My own choice in this matter is http://www.hostgator.com They don’t have the reputation that they once had but they are still solid and reliable.Go for the ‘Baby’ plan as it offers all of the requirements above and has a good support system.
As with Namecheap their purchasing system is easy to follow. Put in the domain name you purchased when the hosting company ask for it and wait for the email from them which has some important details on. One of those details needs acting upon immediately, if not sooner.
On the email you receive from your new hosting company there will be your login details, perhaps some other server details and 2 very important lines. They will probably be labelled DNS1 & DNS2. DNS is short for Domain Name Server and is the translation between the name you type in and its location in the world. It is the postal service that stands between a letter and its delivery.
Go back to your domain registrar (Namecheap if you used them) and log in. One of the options will be domain management and within that section will a selection marked nameservers. Select ‘custom’ or ‘external’ name servers and fill in the top two boxes with the complete DNS server names you’ve been given. (They usually look like ns1.hostname.com & ns2.hostname.com). Press SAVE and wait, at least overnight but usually up to 24 hours. This is while the details are shared with nameservers around the world, so that anyone, anywhere can access your website.
And that’s it. After 24 hours you should be able to type your domain name into a browser and be taken to your very own website. At the moment it will either be a totally blank page or the web host’s default page, but it’s YOUR blank page. The next phase will be to put something there for people to see.

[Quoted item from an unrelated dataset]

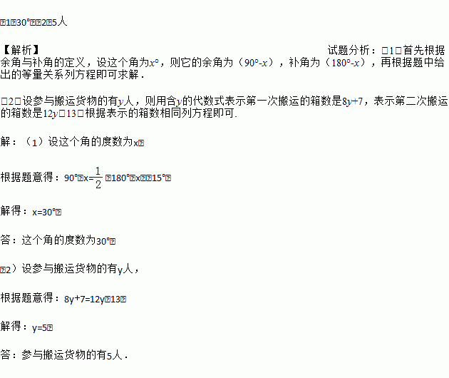 (2)几个人共同搬运一批货物,如果每人搬运8箱货物,则剩下7箱货物未搬运;如果每人搬运12箱货物,则缺13箱货物,求参与搬运货物的人数.

If for some reason you don’t get anywhere trying to reach your site… Check your spelling in the browser, check the domain name you actually bought (is it the one you think you bought?), check the DNS settings at the domain registrar. Give it another 24 hours before you complain to anyone (ask the web host first if everything is OK at their end, then try the registrar… So long as you are sure your spelling is correct).